Quick start single process¶
The idea is that you develop and debug crawling strategy in single process mode locally and use distributed one when deploying crawling strategy for crawling in production at scale. Single process is also good as a first step to get something running quickly.
Note, that this tutorial doesn’t work for
1. Create your Scrapy spider¶
Create your Scrapy project as you usually do. Enter a directory where you’d like to store your code and then run:
scrapy startproject tutorial
This will create a tutorial directory with the following contents:
tutorial/ scrapy.cfg tutorial/ __init__.py items.py pipelines.py settings.py spiders/ __init__.py ...
These are basically:
- scrapy.cfg: the project configuration file
- tutorial/: the project’s python module, you’ll later import your code from here.
- tutorial/items.py: the project’s items file.

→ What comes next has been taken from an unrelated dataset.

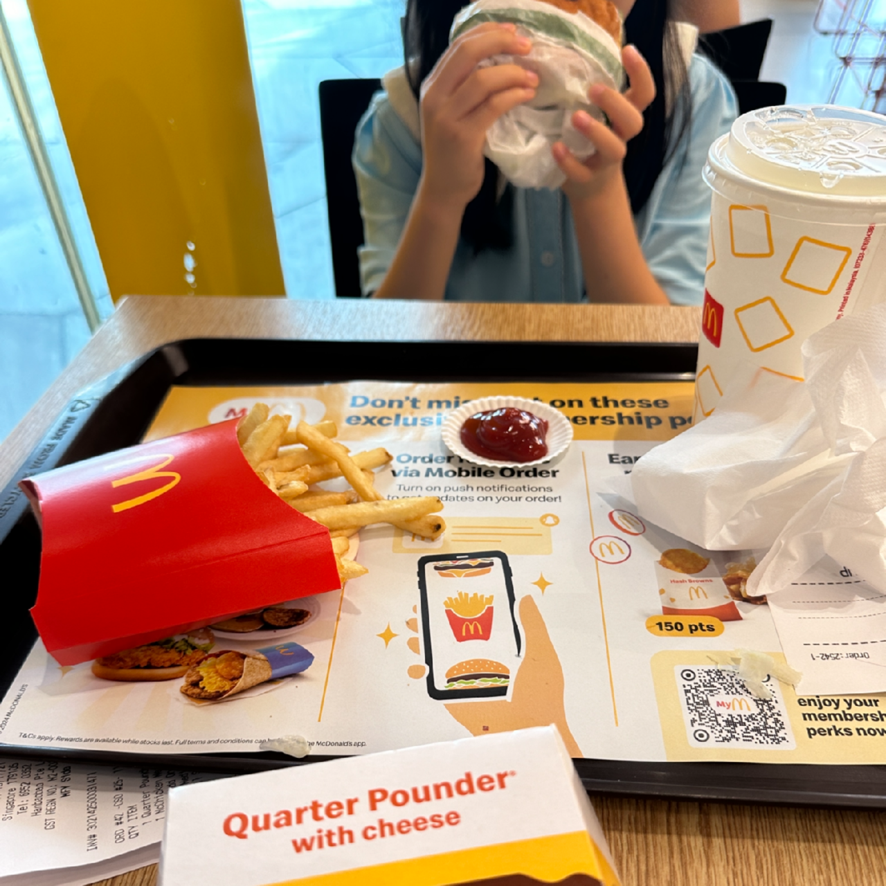 일단 정비를 한번 하고, 밥부터 먹기로 했다. 싱가포르에 맛집 추천을 찾으니 참 많은 곳들이 나왔는데, 우리는 놀랍게도(?) 쇼핑몰 입구에서 봤던 맥도날드를 갔다. 물론 뚜의 선택이었다. 여행 첫 끼가 생각지도 못했던 맥도날드라니!

- tutorial/pipelines.py: the project’s pipelines file.
- tutorial/settings.py: the project’s settings file.
- tutorial/spiders/: a directory where you’ll later put your spiders.
3. Integrate your spider with the Frontera¶
This article about integration with Scrapy explains this step in detail.

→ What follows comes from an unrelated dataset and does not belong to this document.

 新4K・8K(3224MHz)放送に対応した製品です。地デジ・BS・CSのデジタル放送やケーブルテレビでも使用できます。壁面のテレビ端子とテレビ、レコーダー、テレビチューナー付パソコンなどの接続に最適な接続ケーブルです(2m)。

4. Choose your crawling strategy¶
Here are the options you would need to redefine when running in single process mode the crawler configured for distributed mode:
# these two parameters are pointing Frontera that it will run locally SPIDER_FEED_PARTITIONS = 1 SPIDER_LOG_PARTITIONS = 1
5. Choose your backend¶
Configure frontier settings to use a built-in backend like:
BACKEND = 'frontera.contrib.backends.sqlalchemy.Distributed'
6. Inject the seed URLs¶
This step is required only if your crawling strategy requires seeds injection from external source.:
$ python -m frontera.utils.add_seeds --config [your_frontera_config] --seeds-file [path to your seeds file]
After script is finished succesfully your seeds should be stored in backend’s queue and scheduled for crawling.
7. Run the spider¶
Run your Scrapy spider as usual from the command line:
scrapy crawl myspider
And that’s it! You got your crawler running integrated with Frontera.
You’ve seen a simple example of how to use Frontera with Scrapy, but this is just the surface. Frontera provides many powerful features for making frontier management easy and efficient, such as:
- Built-in support for database storage for crawled pages.
- Easy built-in integration with Scrapy and any other crawler through its API.
- Two distributed crawling modes with use of ZeroMQ or Kafka and distributed backends.
- Creating different crawling logic/policies defining your own backend.
- Plugging your own request/response altering logic using middlewares.
- Create fake sitemaps and reproduce crawling without crawler with the Graph Manager.
- Record your Scrapy crawls and use it later for frontier testing.
- Logging facility that you can hook on to for catching errors and debug your frontiers.